The calcium contained in a solution of $1.048$ g of a substance being analysed was precipitated with $25$ mL of $H_2{C}_2{O}_4$. The excess of $C_2{O}_4^{2-}$ in one-fourth of filtrate was back titrated with $5$ mL of $0.1025NKMn{O}_4$. To determine the concentration of $H_2{C}_2{O}_4$ solution, it was diluted four folds and the titration of $25$ mL of dilute solution used up $24.1$ mL of same $KMn{O}_4$ solution. Calculate the percentage of $Ca$ in substance.

Answer 1

$Ca+H_2{C}_2{O}_4⟶Ca{C}_2{O}_4\stackrel{KMn{O}_4}{\to }$ colour of $KMn{O}_4$ discharges

The redox changes are as follows:

$(C^{3+}{)}_2⟶2C^{4+}+2e$

$M{n}^{7+}+5e⟶M{n}^{2+}$

$25$ mL of $H_2{C}_2{O}_4$ is used to precipitate $Ca{C}_2{O}_4$.

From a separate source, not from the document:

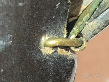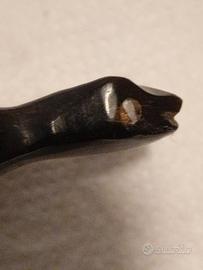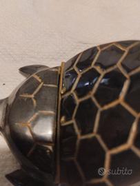rara tabaccheria in corno a forma di tartaruga occhi in argento, Europa xviii secolo, stato buono di conservazione. misura cm.9 x 5 x 2. spedizione gratuita.no ai perditempo. voglio precisare che tutti gli oggetti presentati sia con expertise. i prezzi non sono dati a caso, sono inerenti all'epoca e dallo stato conservativo e eventuali stime di docenti dell'arte. Campo Descrizione Epoca XVIII Secolo (Settecento) Tipologia Contenitore zoomorfo (scatolina/tabacchiera) Materiale Corno naturale (prob. bue o bufalo) intagliato e lucido Soggetto Tartaruga terrestre (simbolo di longevità e stabilità) Tecnica Intaglio manuale a sgorbia, incisione a bulino, lucidatura a caldo. Analisi dei Dettagli Costruttivi Corpo: Ricavato da un unico blocco di corno scuro. L'interno della vaschetta presenta i segni tipici della lavorazione manuale con scanalature irregolari prodotte da strumenti da taglio settecenteschi. Guscio (Coperchio): Decorato con un motivo esagonale inciso che imita il carapace reale. Le incisioni rivelano lo strato interno del corno, di tonalità più chiara, creando un effetto bicromatico naturale. Cerniera: Perno passante in lega bronzea/ottone, ribattuto artigianalmente. L'assenza di viti e la presenza di ossidazione naturale del metallo confermano la produzione pre-industriale. Base: Fondo liscio con lievi irregolarità e segni di usura coerenti con l'appoggio su superfici rigide nel corso di tre secoli. Stato di Conservazione Ottimo. Il materiale non presenta crepe strutturali o segni di attacco xilofago (insetti). La cerniera è ancora saldamente ancorata alla struttura in corno, segno di un'eccellente qualità del materiale organico utilizzato. Note Storiche Oggetti simili erano molto diffusi nelle biblioteche nobiliari e nei "cabinets de curiosités". La tartaruga, oltre a essere un oggetto decorativo, veniva spesso utilizzata per contenere il tabacco da fiuto o piccoli strumenti per la scrittura (come sigilli o ceralacca).
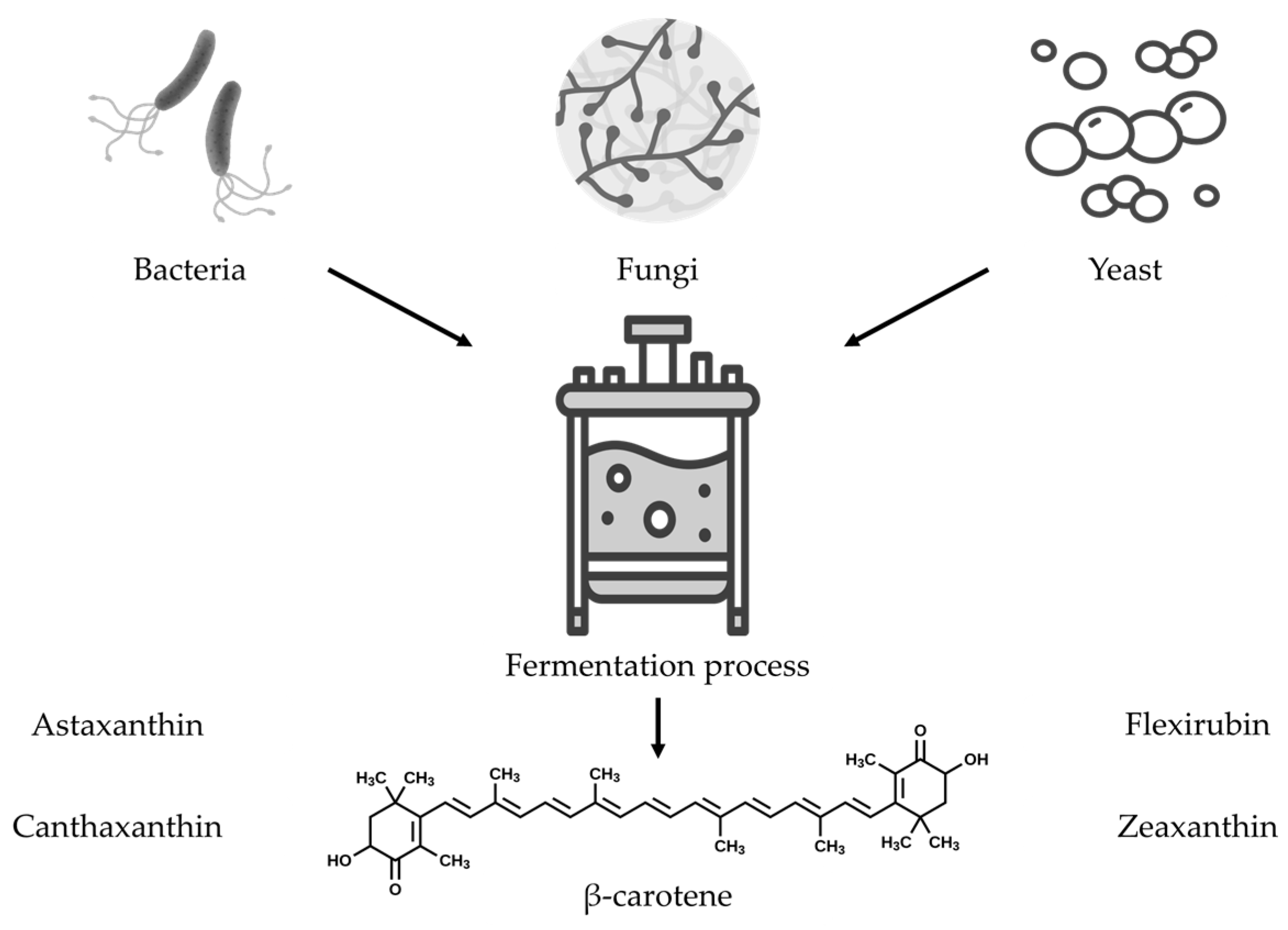 - Wang, J.; Ma, W.; Ma, W.; Fang, Z.; Jiang, Y.; Jiang, W.; Kong, X.; Xin, F.; Zhang, W.; Jiang, M. Strategies for the efficient biosynthesis of β-carotene through microbial fermentation. World J. Microbiol. Biotechnol. 2024, 40, 160. [Google Scholar] [CrossRef] [PubMed]

We need to find the normality of $H_2{C}_2{O}_4$, given that the solution of $H_2{C}_2{O}_4$ is diluted $4$ times, i.e., to $100$ mL.

Meq. of $H_2{C}_2{O}_4$ in $25$ mL dilute solution $=$ Meq. of $KMn{O}_4$ used $=24.1\times 0.1025=2.47025$

$\therefore$ Meq. of $H_2{C}_2{O}_4$ in $100$ mL dilute solution $=\frac{2.47025\times 100}{25}=9.881$

Meq. of $H_2{C}_2{O}_4$ in $25$ mL conc. solution $=9.881$

Meq. of $H_2{C}_2{O}_4$ left after precipitation of $Ca{C}_2{O}_4$ in one fourth filtrate $=$ Meq. of $KMn{O}_4$ used $=5\times 0.1025$

$\therefore$ Total Meq. of $H_2{C}_2{O}_4$ left $=5\times 0.1025\times 4=2.05$

$\therefore$ Meq. of $H_2{C}_2{O}_4$ used for $Ca=9.881-2.05=7.831$
or Meq. of $Ca=7.831$

$\frac{W}{\left(\frac{40}{2}\right)}\times 1000=7.831$

$⟹W_{Ca}=0.1566g$

$\therefore \%$ of $Ca$ in sample $=\frac{0.1566}{1.048}\times 100=14.95\%$

So, the nearest integer value is $15\%$.